Even so, I expect several competing approaches to persist long-term, just as there are dozens of database architecture patterns, each with their own tradeoffs.

I recently came across this protocol, llms.txt, which illustrates these tradeoffs well.

llms.txt presents a more context-efficient way for LLMs to read websites. HTML is full of irrelevant layout and script data, whereas markdown is easy to ingest. And site information might be scattered on multiple pages, but llms.txt can synthesize it into one root file.

This protocol is designed to meet LLMs where they're at — treating them as distinct from human visitors and requiring extra work from developers to accommodate them. But how about a lazy alternative — what if the LLM screenshots the site, ingesting it visually just like a human would? This might even be more token efficient than markdown, and requires zero developer adoption. Or what about reader mode?

It's hard to say how website design will evolve as LLMs become the primary consumers of web content. You could argue that humans and LLMs are truly different in this respect — humans fall for pretty visuals, LLMs are purely rational text ingestors. Maybe sites like https://www.fastht.ml truly need a flashy homepage to entice human developers to use their shiny new framework, while LLMs quietly evaluate the boring technical specs. Or maybe website best practices simply shift to clearer, denser layouts for these kinds of products. I don't know if llms.txt is the answer.
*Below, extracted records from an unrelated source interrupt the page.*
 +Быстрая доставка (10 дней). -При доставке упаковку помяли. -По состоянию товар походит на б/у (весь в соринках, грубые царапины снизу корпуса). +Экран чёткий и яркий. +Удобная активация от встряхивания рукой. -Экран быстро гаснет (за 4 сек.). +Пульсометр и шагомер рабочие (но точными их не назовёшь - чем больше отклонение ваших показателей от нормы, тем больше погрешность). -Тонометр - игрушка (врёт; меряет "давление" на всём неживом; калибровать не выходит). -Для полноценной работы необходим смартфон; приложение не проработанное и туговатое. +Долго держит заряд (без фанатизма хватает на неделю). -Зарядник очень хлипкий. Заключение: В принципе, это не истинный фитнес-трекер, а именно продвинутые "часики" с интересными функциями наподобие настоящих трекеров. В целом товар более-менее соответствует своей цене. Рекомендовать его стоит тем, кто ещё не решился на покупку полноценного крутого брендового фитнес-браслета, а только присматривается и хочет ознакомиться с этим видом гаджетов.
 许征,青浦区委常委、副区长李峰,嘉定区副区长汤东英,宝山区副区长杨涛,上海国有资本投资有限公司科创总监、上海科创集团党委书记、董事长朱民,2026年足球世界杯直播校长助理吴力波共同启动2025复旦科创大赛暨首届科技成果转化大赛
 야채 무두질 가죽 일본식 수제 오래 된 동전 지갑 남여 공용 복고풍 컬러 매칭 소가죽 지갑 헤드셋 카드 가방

In several instances, I've noticed the popular approach shift over time from bespoke agent abstractions to simple, universal solutions. This blog speaks about the emergence of the filesystem as the preferred interface for agents. In retrospect, that's...kind of obvious? The filesystem is the computer's basic interface, and LLMs can navigate it just fine with a bash terminal.

Merchants of Complexity

What really bothers me, though, is the far end of the spectrum — which often tends to attract the most attention. I'm skeptical of any elaborate pattern, especially if it's shrouded in jargon and hype. Complexity isn't inherently bad, but it must be earned, not conjured up ex nihilo. The 10-page LinkedIn prompsters, elaborate RAG setup Redditors, and perfect-Claude-plugin cum memecoin shills throw up immediate red flags in my head. There might be valuable alpha in their solutions, but it's hard to discern which parts are relevant and which are superfluous.
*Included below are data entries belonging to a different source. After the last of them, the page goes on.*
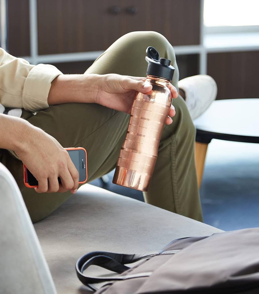ขวดน้ำทองแดงแท้แบบฝาเปิด | ขวดน้ำทองแดงป้องกันการรั่วซึมและกันสนิม สำหรับสำนักงาน โรงเรียน และบ้าน ขวดน้ำทองแดงแท้แบบเปิดปิดได้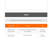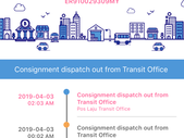 Barang dah seminggu status consigment dispatch out from transit office poslaju parcel hub pada tarikh 4.4.19 jam 03.45.52 a.m..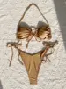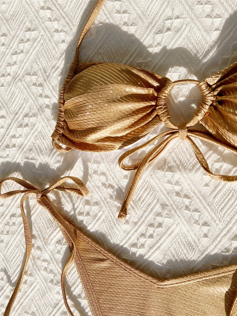 Shiny Golden Knotted High Cut Bikini Women Swimwear Female Swimsuit Two-pieces Bikini Set Halter Bather Bathing Suit Swim Lady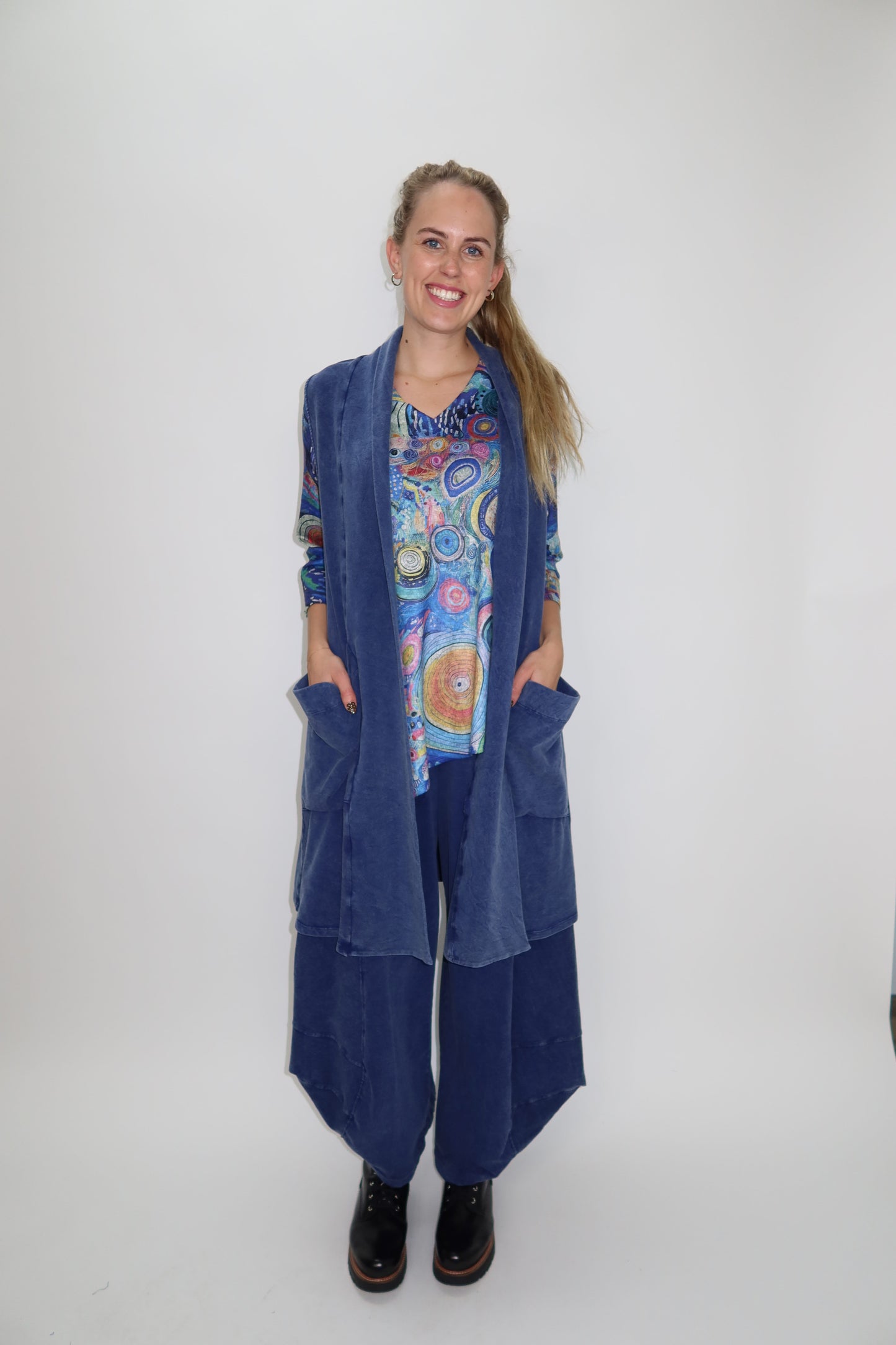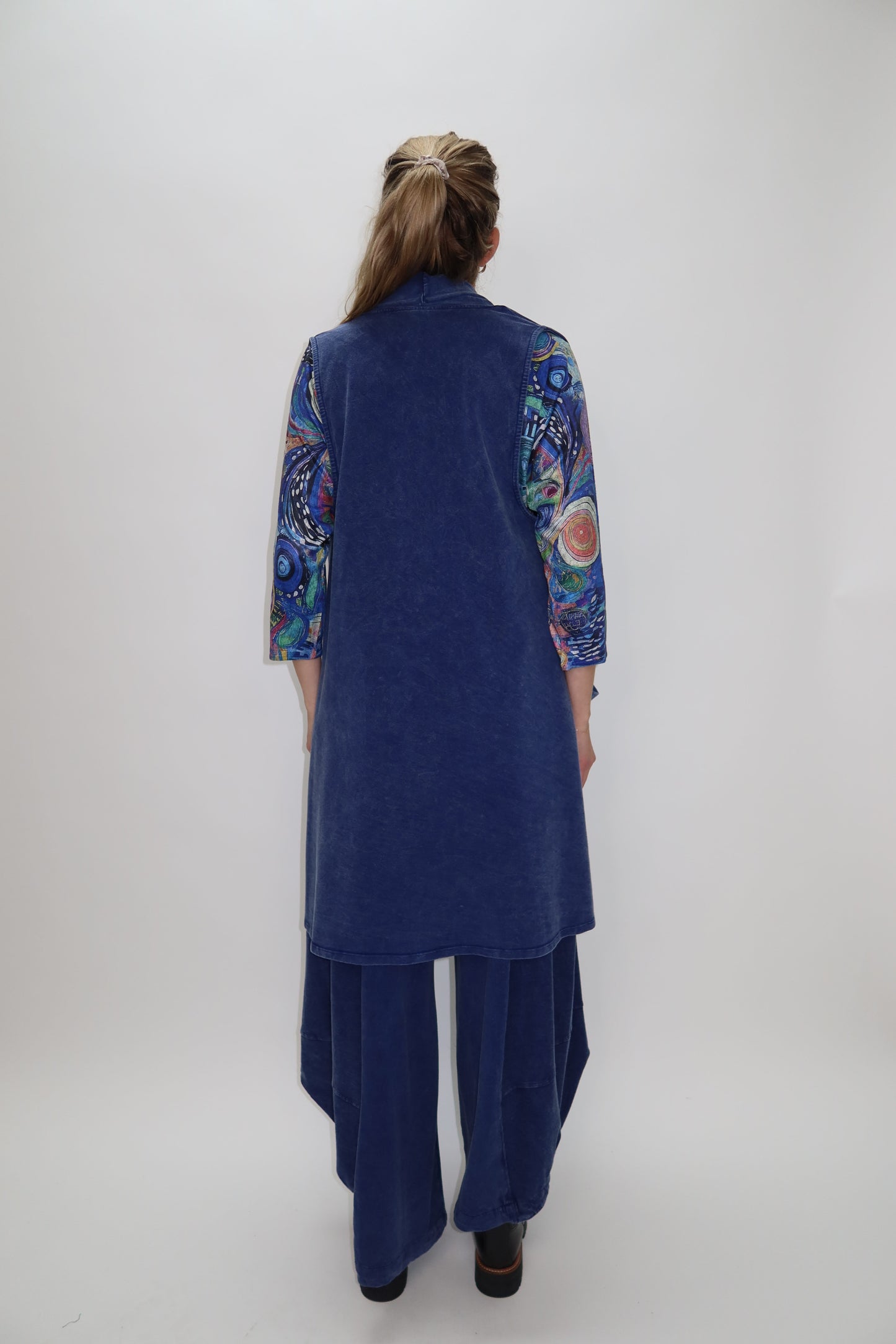 Denim Mineral Washed Sleeveless Two Pocket French Terry Vest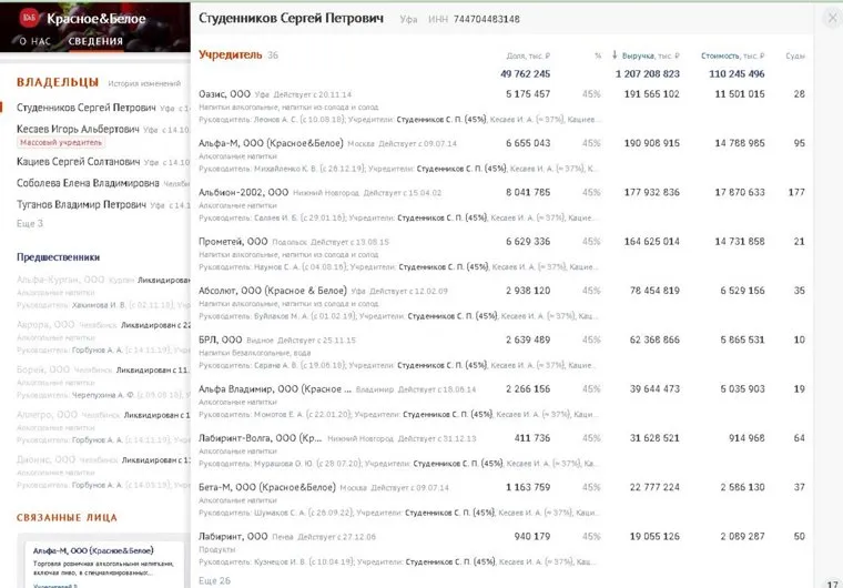 Основатель сети алкомаркетов «Красно и Белое», челябинский миллиардер Сергей Студенников и его бизнес-партнеры вернулись в число учредителей сразу нескольких десятков фирм, ранее зарегистрированных в офшоре. Кипрская офшорная компания «Меркурий Ритейл Груп Пиэлси», в свою очередь, вышла из числа учредителей, следует из данных сервиса СБИС.

Most of us are too undiscerning in accepting these tools. I can't quite explain it, but there's a tempting impulse to "feel the AGI" and simply acquiesce to this wave of prolific, baroque maximalism. What we end up with is merchants of complexity spilling their neuroses onto the market.

DHH coined the term "merchants of complexity", but he attributes too much to malice and not enough to stupidity. The creators of these tools aren't simply greedy charlatans, they're just as enamored with their contraptions as their users are.

It sort of reminds me of the hyper-productivity optimizers — Atomic Habits, Roam Research and Obsidian, the color-coded notes and Quizlet girlies, etc. These same people are probably now spending days optimizing their Claude Code setup. (But to what end? Hyper-optimization often becomes a self-consuming tarpit.)

It also reminds me of the output of LLMs themselves, i.e. "LLM-speak" — responses that seem correct and well-articulated at first glance, but are actually full of redundancy, overconfidence, and logical holes. It's hard to look at a 10 paragraph AI-generated plan and discern what information, specifically, is warranted and what isn't. It's easier to just hit "accept and auto-approve edits". Maybe this isn't a coincidence. Perhaps they're deferring their thinking to AI and we're just seeing the bloated results.